Let’s create a conspiracy theory for fun, because we definitely live in weird times now. The funny part is that most people still don’t “feel” it emotionally yet… only financially. But once people start feeling something only in their pockets for too long, eventually something breaks.
Every year electricity goes up another 20%. Fuel doubles. Food prices become ridiculous. Rent becomes impossible. Buying a house? Forget it unless you inherit money or sell your soul for 40 years. And somehow we are all supposed to act normal while salaries move like they’re stuck in 2012.
The West was always sold as the place where you could build something, save money, own a home, have stability, maybe even dream a little bigger than survival mode. That’s why people tolerated a lot more than they normally would. But now? People work full time and still feel poor. That changes societies slowly from the inside.
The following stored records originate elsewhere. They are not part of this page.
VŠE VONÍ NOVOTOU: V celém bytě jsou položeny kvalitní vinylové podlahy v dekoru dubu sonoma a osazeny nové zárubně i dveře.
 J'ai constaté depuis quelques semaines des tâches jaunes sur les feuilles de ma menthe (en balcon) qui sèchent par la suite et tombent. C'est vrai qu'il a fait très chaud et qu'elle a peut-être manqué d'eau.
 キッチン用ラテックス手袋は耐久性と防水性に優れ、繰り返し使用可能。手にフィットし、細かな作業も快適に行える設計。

Of course politicians will blame “the global economy”, “inflation”, “energy markets”, “supply chains”, wars, sanctions, shipping routes, the Strait of Hormuz, whatever the headline of the month is. Maybe it’s all true. Maybe not. But the result is always the same: regular people pay more and more while being told it’s unavoidable.
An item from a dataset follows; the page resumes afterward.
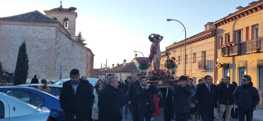 Los vecinos de Alalpardo sacaron el procesión a San Sebastián en una fría tarde. Pero el frío y el viento no pudieron con las ganas de recorrer las calles procesionando a San Sebastián, el llamado Apolo cristiano a quien, según la historia, obligaron a elegir entre su condición militar y su fe.
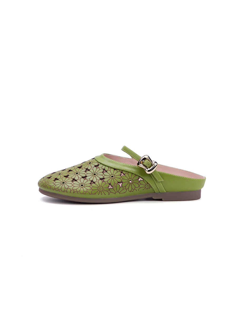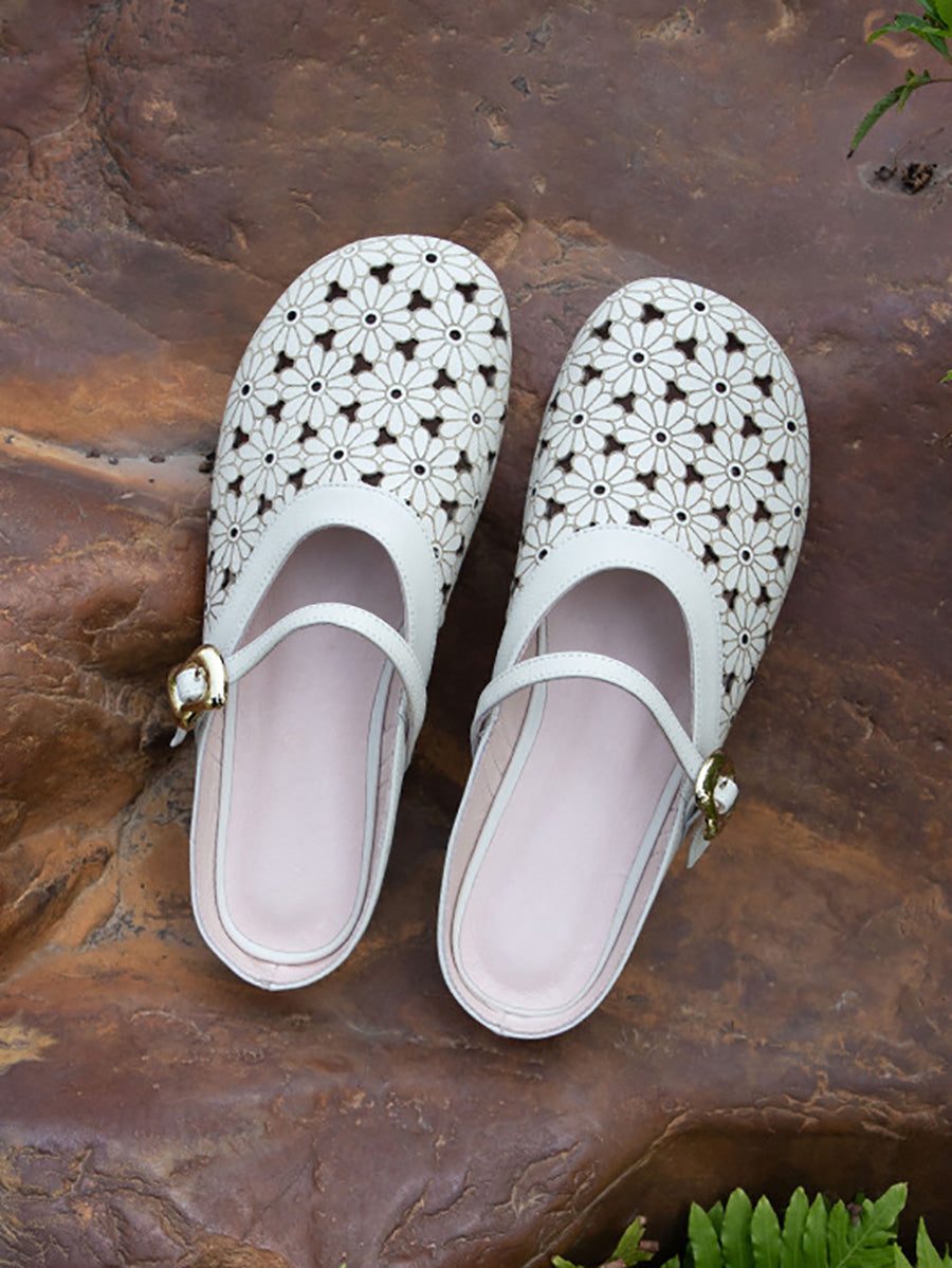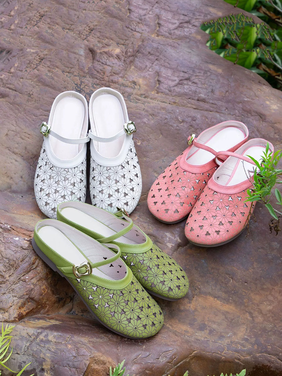 Pantuflas de verano para mujer de piel auténtica con diseño calado.

And here comes the uncomfortable thought: what if modern wars are also the perfect untouchable excuse? Something so massive and far above normal people that nobody can really confront it directly. If one politician openly robbed people overnight, society would explode. But if fuel triples because of some conflict thousands of kilometers away? Then suddenly everyone just accepts it while repeating words they heard on TV like “geopolitical tensions”.
Maybe I’m wrong. Maybe there are real solutions being worked on behind the scenes. But it honestly feels artificial sometimes. Like the system discovered that permanent crisis is the easiest way to collect more money, lower expectations and keep everyone too exhausted to react.
And the scary part is not even the conspiracy itself. The scary part is how quickly people adapt to losing things they once considered normal.